START SUPPLIED ENTRIES
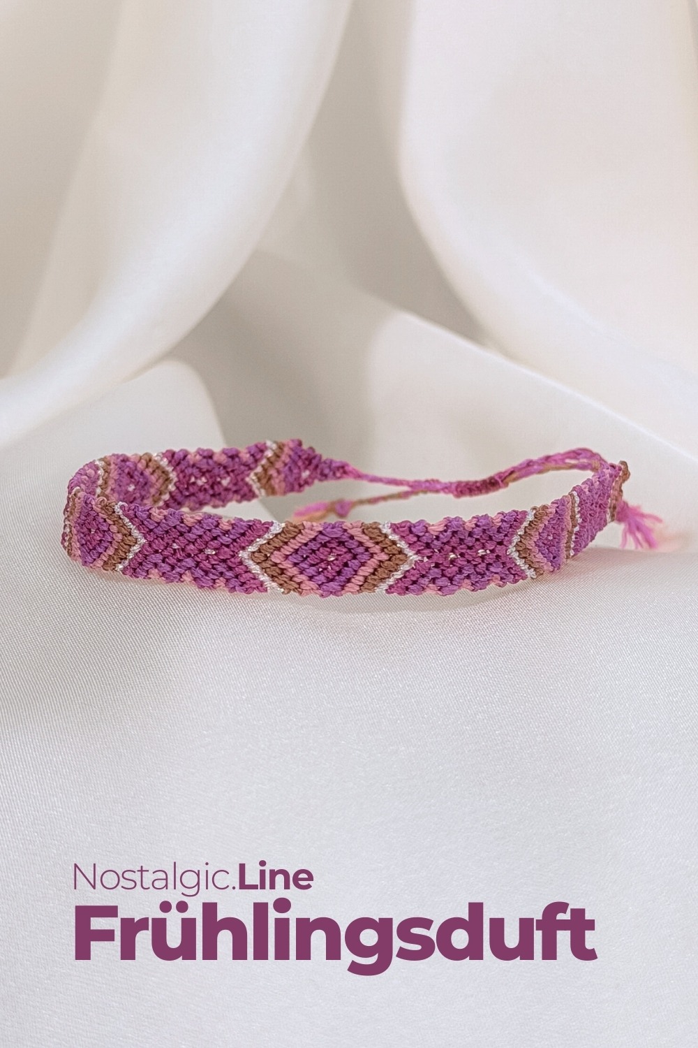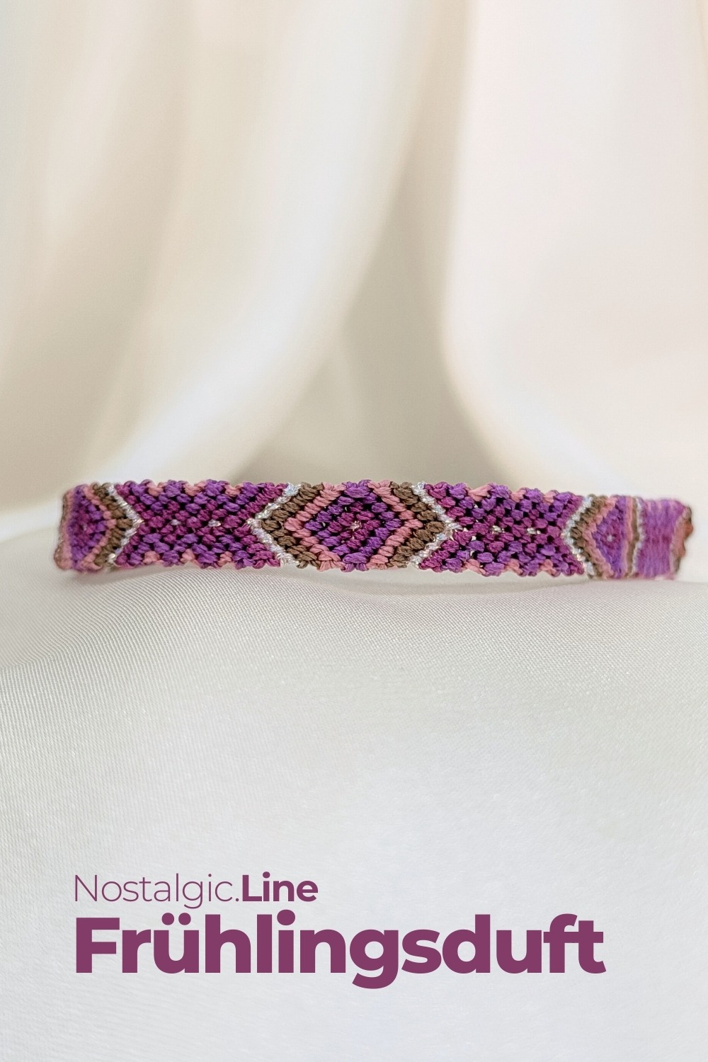 Ein Band wie der Moment, in dem der Frühling zum ersten Mal spürbar wird. Die ersten Vögel singen ihr Lied, die Knospen beginnen zu wachsen, und in der Luft liegt ein leiser Neubeginn. Die warmen Rosatöne, das sanfte Beige und das erdige Braun tragen diese leichte, stille Vorfreude in sich – ein Hauch von Blüte, ein Duft, der ankommt, bevor man ihn greifen kann. „Frühlingsduft“ fühlt sich leicht und erdig zugleich an.
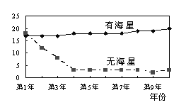 食池中的无脊椎动物和藻类。生态学家在上述潮间池进行实验,将部分潮间池的海星全部移除,其它潮间池的海星保留作为对照,进行连续十年的调查,并记录潮间池内物种数变化,结果如图所示。根据上述实验,下列推论正确的是
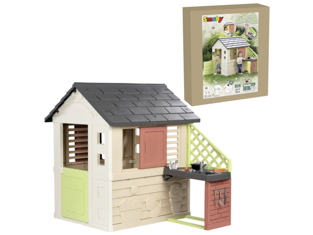 Stabilný, priestranný domček Smoby Life Nature so skvelou letnou kuchynkou ponúka množstvo zábavy pre najmenších. Kuchynka je pripevnená ku vonkajšej stene, má drez s kohútikom (nefunkčný), grilovaciu dosku na varenie a grilovanie a policu na riad. Zážitok z varenia dopĺňajú 2 poháre, 2 taniere, rôzne kuchynské náčinie, klobásy a malá rajnica. Jednoduchá montáž. Módne farebné prevedenie v tyrkysovej a zelenej dodáva záhradnému domčeku svieži a moderný vzhľad. Štyri robustné bočné steny sú navrhnuté veľmi detailne, motýle a malá mačka zdobia fasádu a vytvárajú zábavný dizajn. Vybavenie domu dopĺňajú 2 okná s lamelami, 2 posuvné okná s možnosťou otvárania a zatvárania a malé vstupné dvere. Domček je vyrobený z vysoko kvalitného plastu odolného voči UV žiareniu a je obzvlášť odolný voči poveternostným vplyvom a vyblednutiu. Tento výrobok obsahuje minimálne 57 % recyklovaného materiálu. Rozmery produktu (DxŠxV): 145 x 110 x 127 cm.
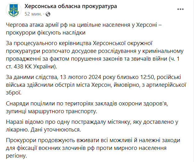 По данным следствия, 13 февраля 2024 около 12:50, российские войска обстреляли город Херсон, вероятно, из артиллерийского оружия.
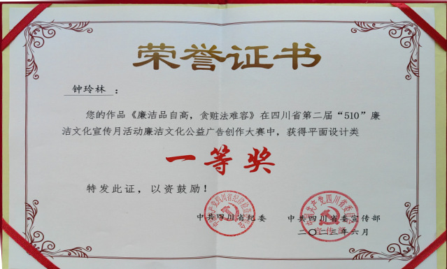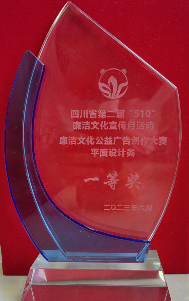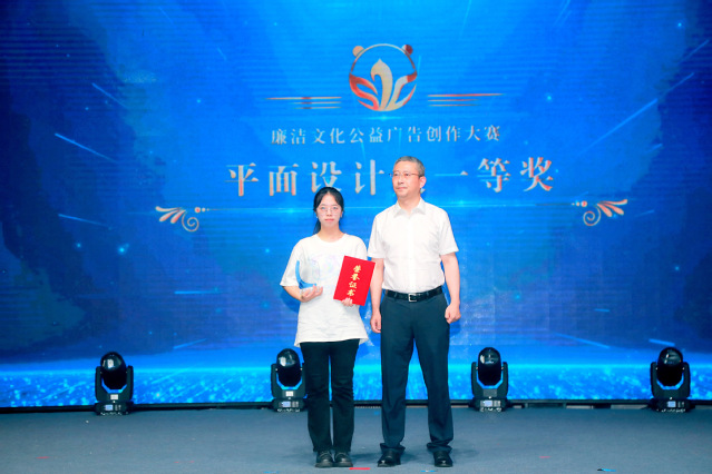 7月7日,四川省第二届“510(我要廉)”廉洁文化宣传月活动廉洁文化公益广告创作大赛颁奖仪式暨线下展播在成都少城视井文创产业园举行。由Beat365美术与设计学院视觉传达设计专业钟玲林同学创作、徐天韵老师指导的作品《廉洁品自高,贪赃法难容》问鼎平面设计类作品最高奖,也是平面设计类的唯一一个一等奖。省纪委常委肖克强出席仪式并为获奖代表颁奖。
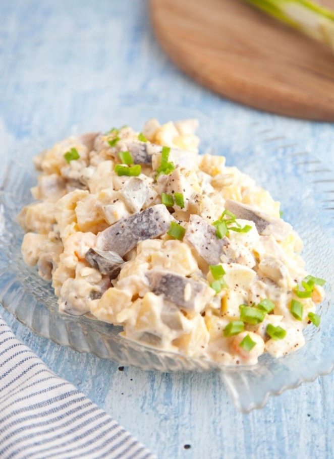 Может, с Шубой я погорячилась - но если забыть про многослойность и свеклу, это Шуба. Белая. А если забыть про аналогии и похожести - это просто исключительно вкусный салат. Его хочется готовить зимой - когда так в охотку сытные, аппетитный и одновременно легкие салаты. С привычными, традиционными вкусами - зимних праздников. Салат хорош и без гарнира - блюдо это самодостаточное, и в сопровождении гарниром не нуждается. От Шубы еще отличается размером нарезки: мельчить не нужно - вкус каждого ингредиента должен чувствоваться. А готовится моментально - рассказывать долго не придется. Лучший аналог Шубы - или почти лучший: салат с сельдью, рецепт + ингредиенты 1) Селедку разделать, приготовить филе, нарезать на умеренно крупные кусочки - шириной до 1 см. Или использовать готовое филе, “из банки”: размер кусочков идеально подходит для салата. Картошку отварить в мундире. Вкус у нее более яркий, “концентрированный” :) Лучше заранее, чтобы полностью остыла. И даже застыла: чтобы не крошила
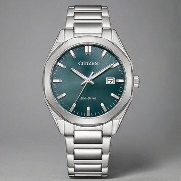 CITIZEN 星辰 限量 光動能八角形經典大三針手錶-銀x綠/38mm(BM7620-83X)
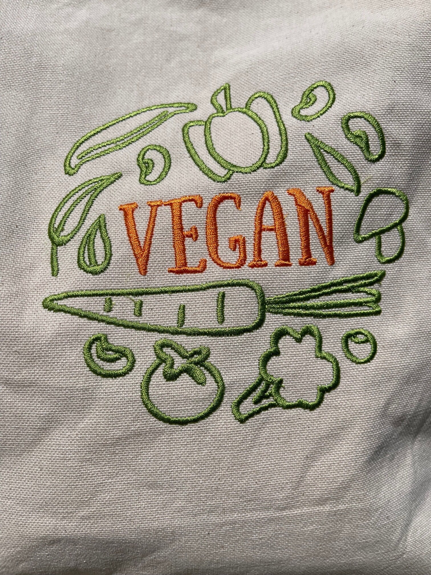 This cute tote bag is reusable and sturdy! Comes with the "Vegan" embroidery 10-1/2"W x 14"H x 5"D 23" Handles
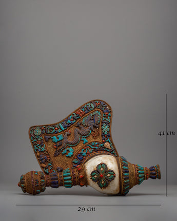 At 41 cm tall and 29 cm broad, the Tibetan Ritual Conch Shell (Shankha) is a powerful and attractive addition to any religious environment. Its fan-shaped form, embellished with elaborate patterns and sacred symbols, combines ceremonial significance with aesthetic elegance. A traditional instrument in spiritual rituals, the Shankha typically employs sound to represent the divine connection.
END SUPPLIED ENTRIES
INSTRUCTIONS TO FOLLOW:
In the copy, include each entry exactly as written and none of the pictures.

SOLUTION FOR THIS TASK:
 Ein Band wie der Moment, in dem der Frühling zum ersten Mal spürbar wird. Die ersten Vögel singen ihr Lied, die Knospen beginnen zu wachsen, und in der Luft liegt ein leiser Neubeginn. Die warmen Rosatöne, das sanfte Beige und das erdige Braun tragen diese leichte, stille Vorfreude in sich – ein Hauch von Blüte, ein Duft, der ankommt, bevor man ihn greifen kann. „Frühlingsduft“ fühlt sich leicht und erdig zugleich an.
 食池中的无脊椎动物和藻类。生态学家在上述潮间池进行实验,将部分潮间池的海星全部移除,其它潮间池的海星保留作为对照,进行连续十年的调查,并记录潮间池内物种数变化,结果如图所示。根据上述实验,下列推论正确的是
 Stabilný, priestranný domček Smoby Life Nature so skvelou letnou kuchynkou ponúka množstvo zábavy pre najmenších. Kuchynka je pripevnená ku vonkajšej stene, má drez s kohútikom (nefunkčný), grilovaciu dosku na varenie a grilovanie a policu na riad. Zážitok z varenia dopĺňajú 2 poháre, 2 taniere, rôzne kuchynské náčinie, klobásy a malá rajnica. Jednoduchá montáž. Módne farebné prevedenie v tyrkysovej a zelenej dodáva záhradnému domčeku svieži a moderný vzhľad. Štyri robustné bočné steny sú navrhnuté veľmi detailne, motýle a malá mačka zdobia fasádu a vytvárajú zábavný dizajn. Vybavenie domu dopĺňajú 2 okná s lamelami, 2 posuvné okná s možnosťou otvárania a zatvárania a malé vstupné dvere. Domček je vyrobený z vysoko kvalitného plastu odolného voči UV žiareniu a je obzvlášť odolný voči poveternostným vplyvom a vyblednutiu. Tento výrobok obsahuje minimálne 57 % recyklovaného materiálu. Rozmery produktu (DxŠxV): 145 x 110 x 127 cm.
 По данным следствия, 13 февраля 2024 около 12:50, российские войска обстреляли город Херсон, вероятно, из артиллерийского оружия.
 7月7日,四川省第二届“510(我要廉)”廉洁文化宣传月活动廉洁文化公益广告创作大赛颁奖仪式暨线下展播在成都少城视井文创产业园举行。由Beat365美术与设计学院视觉传达设计专业钟玲林同学创作、徐天韵老师指导的作品《廉洁品自高,贪赃法难容》问鼎平面设计类作品最高奖,也是平面设计类的唯一一个一等奖。省纪委常委肖克强出席仪式并为获奖代表颁奖。
 Может, с Шубой я погорячилась - но если забыть про многослойность и свеклу, это Шуба. Белая. А если забыть про аналогии и похожести - это просто исключительно вкусный салат. Его хочется готовить зимой - когда так в охотку сытные, аппетитный и одновременно легкие салаты. С привычными, традиционными вкусами - зимних праздников. Салат хорош и без гарнира - блюдо это самодостаточное, и в сопровождении гарниром не нуждается. От Шубы еще отличается размером нарезки: мельчить не нужно - вкус каждого ингредиента должен чувствоваться. А готовится моментально - рассказывать долго не придется. Лучший аналог Шубы - или почти лучший: салат с сельдью, рецепт + ингредиенты 1) Селедку разделать, приготовить филе, нарезать на умеренно крупные кусочки - шириной до 1 см. Или использовать готовое филе, “из банки”: размер кусочков идеально подходит для салата. Картошку отварить в мундире. Вкус у нее более яркий, “концентрированный” :) Лучше заранее, чтобы полностью остыла. И даже застыла: чтобы не крошила
 CITIZEN 星辰 限量 光動能八角形經典大三針手錶-銀x綠/38mm(BM7620-83X)
 This cute tote bag is reusable and sturdy! Comes with the "Vegan" embroidery 10-1/2"W x 14"H x 5"D 23" Handles
 At 41 cm tall and 29 cm broad, the Tibetan Ritual Conch Shell (Shankha) is a powerful and attractive addition to any religious environment. Its fan-shaped form, embellished with elaborate patterns and sacred symbols, combines ceremonial significance with aesthetic elegance. A traditional instrument in spiritual rituals, the Shankha typically employs sound to represent the divine connection.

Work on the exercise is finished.